“Es muy importante que nos tomemos esto en serio y si a Manini le interesaba una reforma impositiva, hay especialistas en cuestiones tributarias en Uruguay muy buenos… me parece que habría que haberles pedido a ellos que hicieran ese planteo”. Esta fue la opinión de uno de los participantes de la Tertulia de los Lunes, programa conducido por Emiliano Cotelo en Radiomundo. Se refería a la propuesta de modificaciones al régimen de exoneraciones fiscales planteado por el líder de Cabildo Abierto, presentadas en conferencia de prensa el viernes pasado.
Más allá de la ostensible falacia del razonamiento –con ese criterio solo generales de división podrían opinar sobre políticas de defensa o solo doctores ingenieros podrían opinar sobre políticas energéticas–, evidencia la importancia de estudiar a fondo el tema de los incentivos fiscales, haciéndolo dentro de un marco conceptual que permita a la ciudadanía comprender las diferentes aristas y los argumentos posibles que se pueden esgrimir sobre un área tan compleja.
Los agentes económicos compiten en un mundo cada vez más globalizado, pero cuyo ordenamiento político refleja todavía los preceptos de la Paz de Westfalia de 1648. Por un lado, las empresas deben competir de forma directa con contrapartes desperdigadas por el mundo en los mercados de exportación de bienes y servicios. Por otro lado, los Estados apoyan a sus empresas a través de regímenes regulatorios y fiscales diferenciales, instrumentos mediante los cuales procuran fomentar el aumento de la producción nacional y una mejora en las condiciones de trabajo para sus ciudadanos.

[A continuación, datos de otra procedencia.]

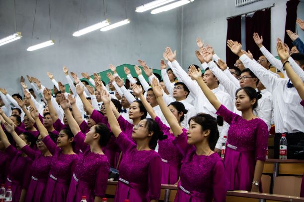 “我和我的祖国,一刻也不能分割”开场声音坚定激昂,透露出了与祖国不可分割的决心。诗朗诵《向往》中“从1920到2019,向往变成信仰,从青春年少到白发苍苍,信仰变成力量”,。从黑发到白首,每一位电气人都在自己的岗位上默默付出,为早日实现“中国特色、世界一流、哈工大规格”的百年强校,为祖国电气事业的振兴献出了宝贵的一生。“不忘初心,满怀人民的向往,百炼成钢,脚步从容在路上”。电气师生感情饱满,内心澎湃,短短几句便表达出了对时代最真实的倾诉与向往。
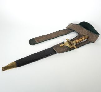 um 1900, Jagd/Forstbeamte, blanke Klinge, Horngriff mit Messingknöpfen, -parierstange und -abschluß, Lederscheide mit Messingbeschlägen, L über alles ca. 55,5 cm, Gehänge mit Gürtel (Dorne fehlen)
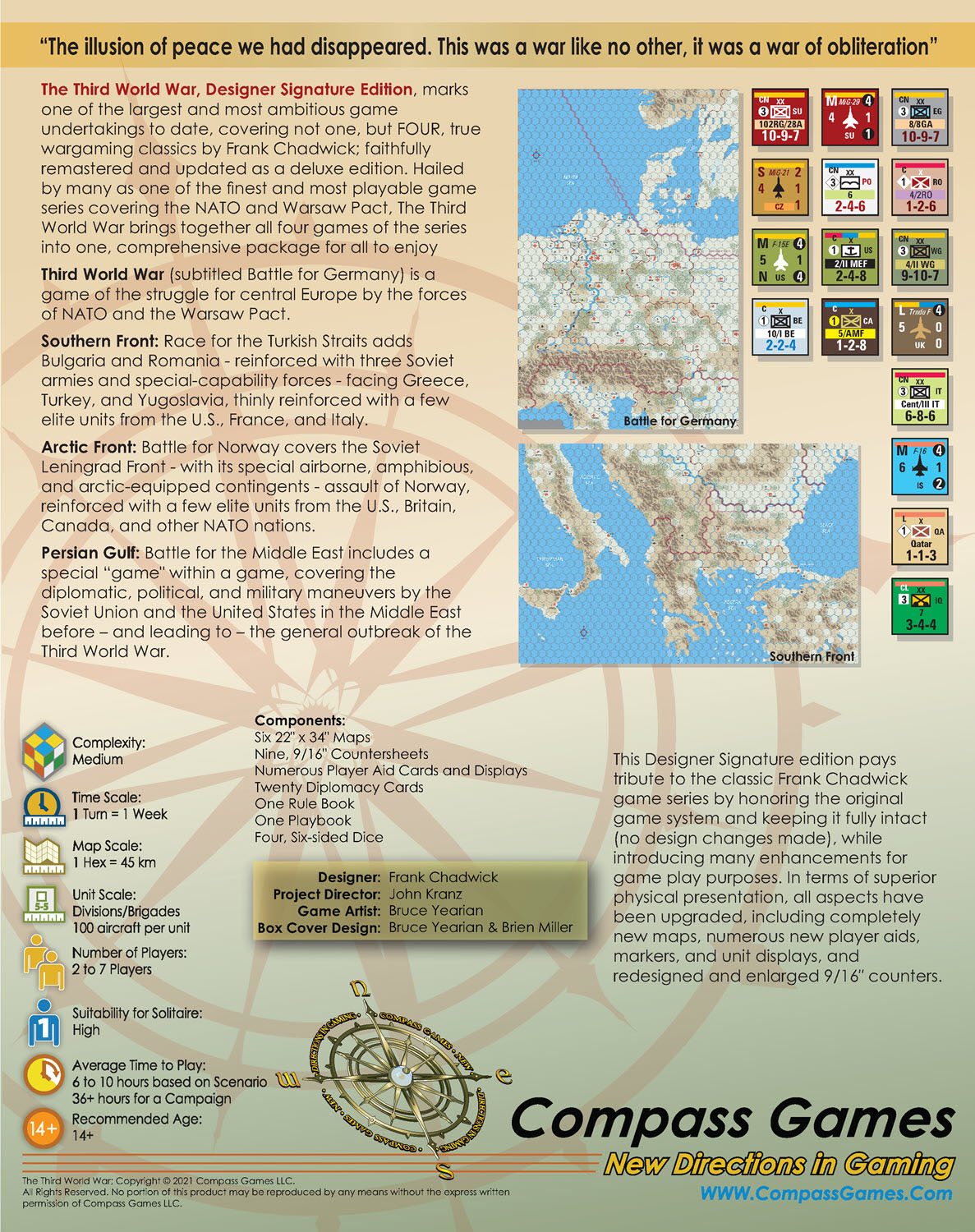 The Third World War: Designer Signature Edition, marks one of the largest and ambitious game undertakings to date. It covers not one but four true wargaming classics by Frank Chadwick—faithfully remastered and updated. Hailed by many as one of the finest and most playable game series covering the NATO and Warsaw Pact, Third World War brings together all four games into one comprehensive package.

Es dentro de este contexto que los países compiten por atraer inversiones del extranjero, utilizando los incentivos fiscales, entre otros instrumentos disponibles en la caja de herramientas de la que disponen los Estados. Es allí donde entra la profesión económica, que debe contribuir a evaluar la rentabilidad social de los sacrificios fiscales otorgados. De lo contrario, se termina cayendo en el argumento simplista de que si no se otorgan los beneficios, nadie invertiría en el país. Ese argumento provocaría una competencia por exenciones fiscales que en el límite conduciría a caídas en la recaudación que no permitirían a los Estados sostenerse adecuadamente. Ese es el peligroso camino de la feudalización que recorren peligrosamente aquellos Estados que terminan categorizados como fallidos. Mucho antes de llegar a ese extremo, los Estados se ven forzados a discriminar a quien otorgan y a quien no otorgan estos incentivos fiscales, generando el incentivo para una competencia por rentas que se encuentra en la base de la corrupción del sistema (ver Anne Krueger en La economía política de la sociedad buscadora de rentas, American Economic Review, 1974).
La esencia del problema radica en que mientras el capital es móvil internacionalmente, el trabajo no lo es. En consecuencia, la competencia por atraer inversiones ha llevado a que la carga fiscal recaiga cada vez más sobre el trabajo, generando incentivos para la incorporación de tecnologías que eliminan puestos de trabajo, agravando los problemas de desempleo y pensiones que aquejan al mundo. Este es el trasfondo del acuerdo de los países integrantes del G-7 promoviendo un mínimo global en las tasas de impuesto a la renta empresarial. Pero las consecuencias de seguir en el rumbo actual no quedan limitadas a la economía. “Los trabajadores de salarios bajos no son las únicas víctimas de este cambio. A medida que se han ido reduciendo los puestos de trabajo de alta calidad, el crecimiento de los salarios de todos los trabajadores ha empezado a disminuir y el crecimiento cada vez más desigual ha empezado a erosionar la cohesión social y los principios e instituciones democráticos”, expresa Daron Acemoglu, profesor de Economía de MIT y autor de Por qué fracasan los países.
La historia económica mundial evidencia que los incentivos fiscales evolucionan permanentemente y que los Estados los van adaptando a medida que sus industrias maduran, se producen cambios tecnológicos, y resulta necesario enfocar los escasos recursos fiscales en actividades con potencial de desarrollo económico y social. Por tal motivo no se pueden interpretar cambios en los regímenes de exenciones como alteraciones a las “reglas de juego”. Muy por el contrario, un sistema de incentivos estático termina convertido en un mecanismo de captura de rentas por parte de sectores conectados políticamente, en detrimento de aquellos más dinámicos –y menos conectados– que contribuyen a la productividad a largo plazo de la economía. Como bien explicaba Schumpeter, los innovadores del pasado se convierten a menudo en un lastre para la economía del futuro.